"Jazmin, this isn't you."
"Normally, you're not like this."
"I just don't know what to do."
Stuck in a season of stagnancy and flat out struggle, I almost lost it and gave up. I was really down on my luck and couldn't seem to understand how I was just sitting high on the throne of God's grace only to end up back at the bottom with bowed knees.
The life I had known and had really started to grow cozy, confident, and comfortable in, burst in flames. The fire grew quickly, and before I could find an escape it was already too late.
I suffered in silence, per usual. Letting the external struggles that engulfed me tear my internal spirit of positivity and perseverance down to a nub.
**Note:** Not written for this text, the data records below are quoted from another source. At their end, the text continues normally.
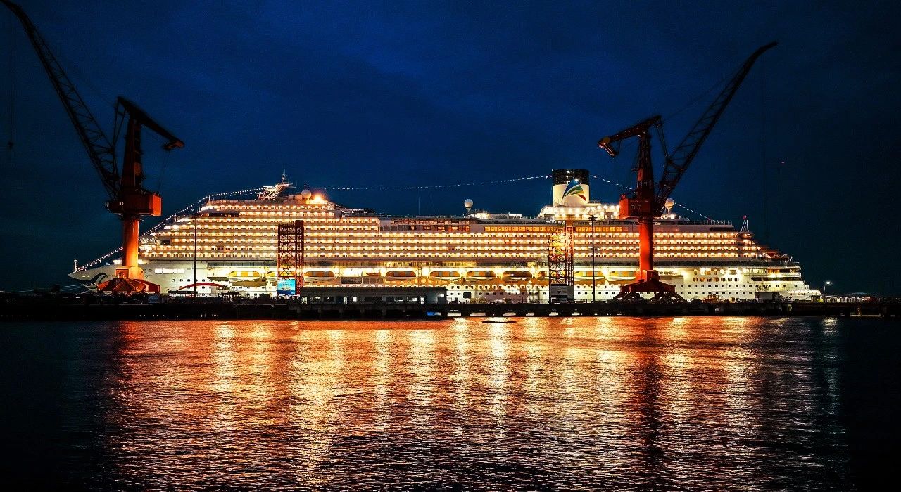 國(guó)產(chǎn)首艘國(guó)產(chǎn)大型郵輪“愛(ài)達(dá)·魔都號(hào)”,??吭陂L(zhǎng)江口,燈光電路測(cè)試期間,華燈綻放恍如白晝。
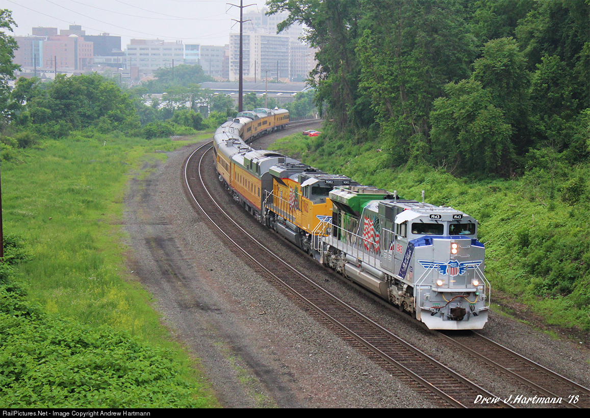 | NS 066, Union Pacific Business train, heads east through Harrisburg on the Norfolk Southern Harrisburg Line. 1943 had its CNW style cab signals removed and CR style signals installed for the trip over NS. |
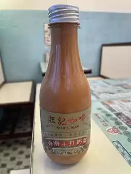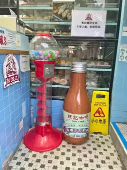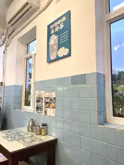 The exterior wall of Mong Kee Cafe is decorated with milk tea graffiti portraits and bottles of giant milk tea models, which is very attractive to eat and take pictures💫
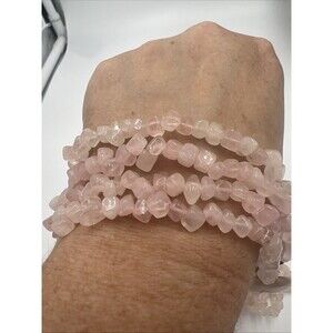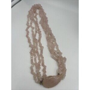 Vtg GOLD TONE MULTI STRAND ROSE QUARTZ GEMSTONE NECKLACE 25" Focal Point Leaf

I felt like I was in hell, and every now and then I would get the chance to see and feel a little bit of what heaven could be like. Truth is I had become my own worst enemy, I was busy self-sabotaging my own life and didn't even know it. I had slowly veered out of my lane only to end up at a dead end with no service and a soon to be dead phone.
Stuck in a season of stagnancy and flat out struggle. I cried, drying my insides out from the flood gate of tears that just kept coming. My down days had resurfaced, and I was so afraid to acknowledge its returning signs, that it eventually forced my hand to be still.
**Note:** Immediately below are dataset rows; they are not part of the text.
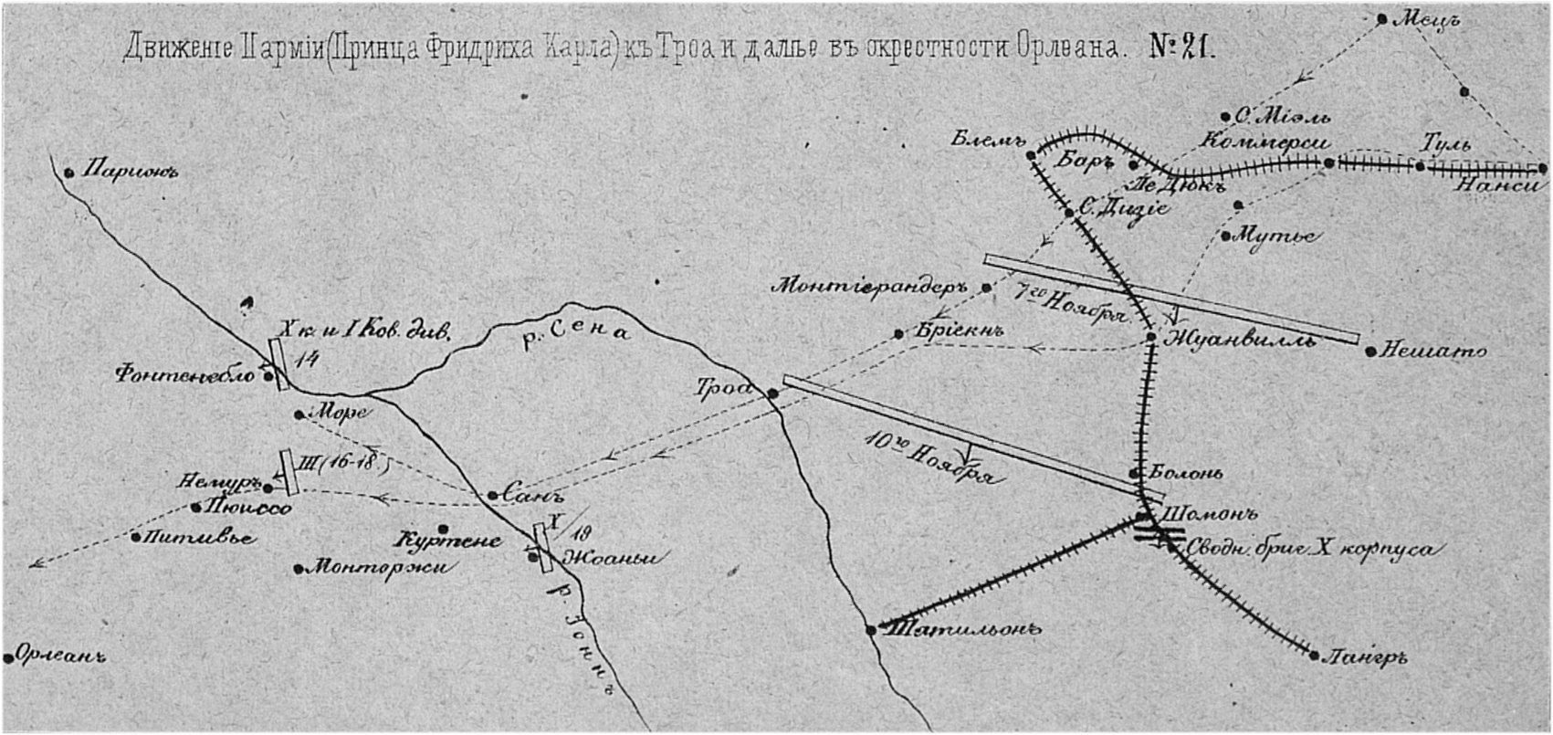 Движение II Армии (Принца Фридриха Карла) к Троа и дальше в окрестности Орлеана
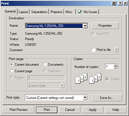 Работающим из-под неспециализированных приложений очень понравится закладка "Вывод" (Output), позволяющая, например, разместить документ на всю площадь листа, вывести на лист сразу несколько страниц или напечатать постер, разделив изображение на фрагменты.
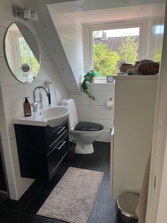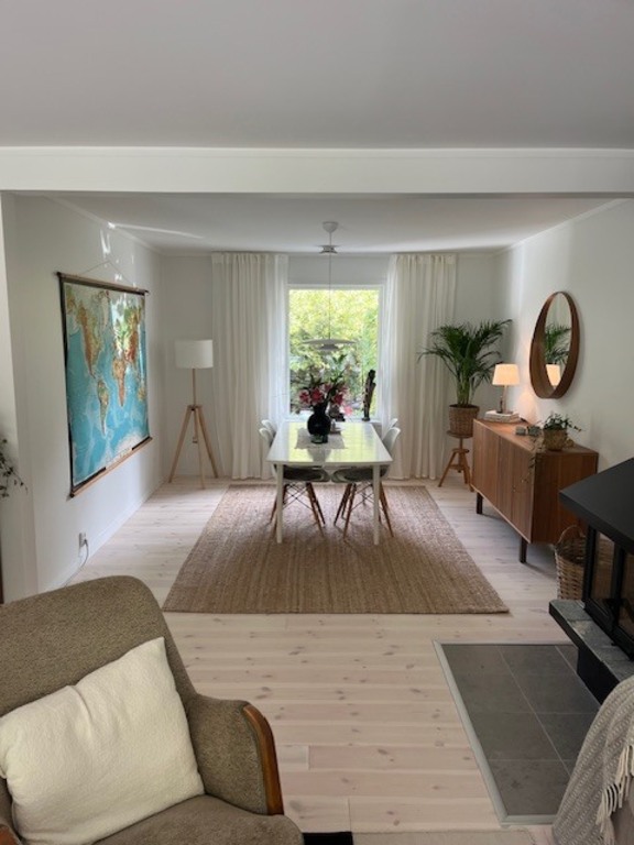 Our house (140 m2) is situated in a very quiet and friendly neighbourhood in the small town of Molnlycke (15 000 inhabitants). The house is built in the 80´s and has two floors. On the ground floor there is a huge living room with a fireplace, a kitchen, a bathroom and a washroom. On the 2nd floor there are three bedrooms, a TV room and a bathroom.

I was forced to be still, to be stuck and to be stagnant. I was rushing to the pace of my own urgency to succeed I forget to let God guide me.
I was stuck in my own way again and "things take time" was the last thing I was trying to hear. I was trying to move at Godspeed with more emphasis on the speed and less focus on God.
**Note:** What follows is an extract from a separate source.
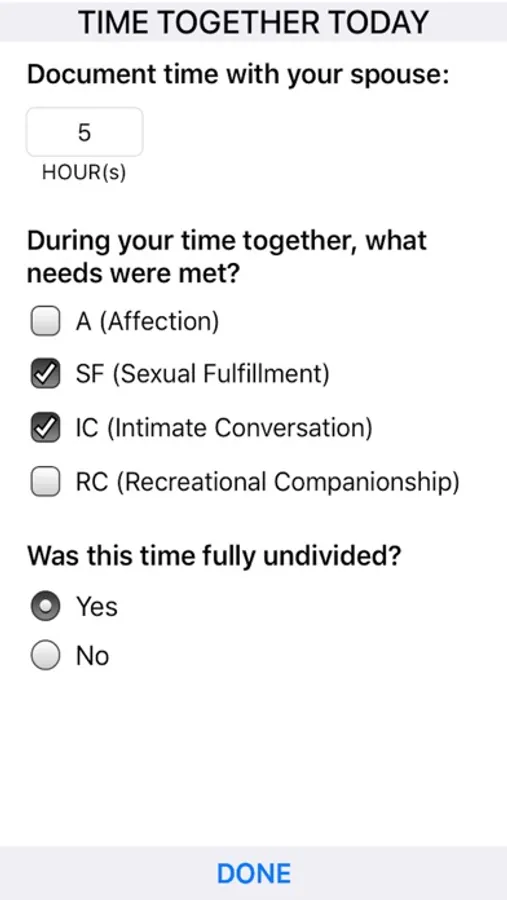 Solution...this app helps you record your undivided attention time with your spouse each day. It also allows you to record what needs were being met during that time and if there was undivided attention. There is an additional option to schedule a weekly Gift of Time review.
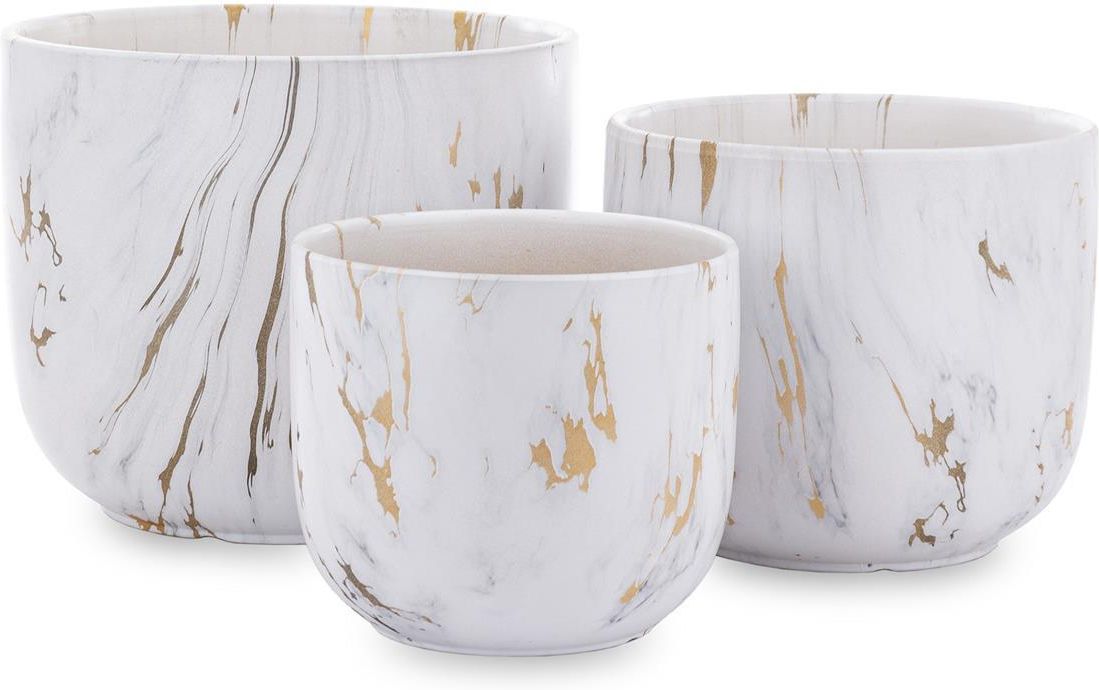 Osłonka Kpl. 3 Szt.. Materiał: ceramika. Rozmiar: 20,5x24x24 17,5x20x20 14,5x16,. Kolor: biały, złoty. Artykuły dekoracyjne z kolekcji Modern Collect...

I wasn't hearing God nor even asking God for help and strength to keep going. I was solely fighting a war on my own, that wasn't specifically designed for me to fight by myself.
And what's funny is I didn't even realize it. I had filled my time up with everything that appeased others that no room was left for indulgence and self care of my own. I was distracted by a fast-paced life of deadlines, dates, and dues that seemed infinite. I didn't know how to get back on the lane that aligned me with God's path for my life. I realized I had sold myself short and things would never be the same. That there was no going back to my old life and there was no going back to my old ways.
All that I knew was behind me. I had to start anew. I had to figure out and fix the fucked up behavior I had habitually practiced for the 20 years worth of breath I had in my body. There was no quick fix, excuse or finesse that could be utilized at this crossroads I found myself at.
I could give in, give up or get out. Getting out was the hardest decision of the three, but the fighter in me just couldn't seem to allow myself to give into the ladder.
Stuck in a season of stagnancy and flat-out struggle, God spoke and brought me to my knees. I was humbled, healed and brought to new heights.
The season I sold myself short yielded a renewed dedication to my salvation and a sanctified soul fully trusting of God to guide my steps to substance and success.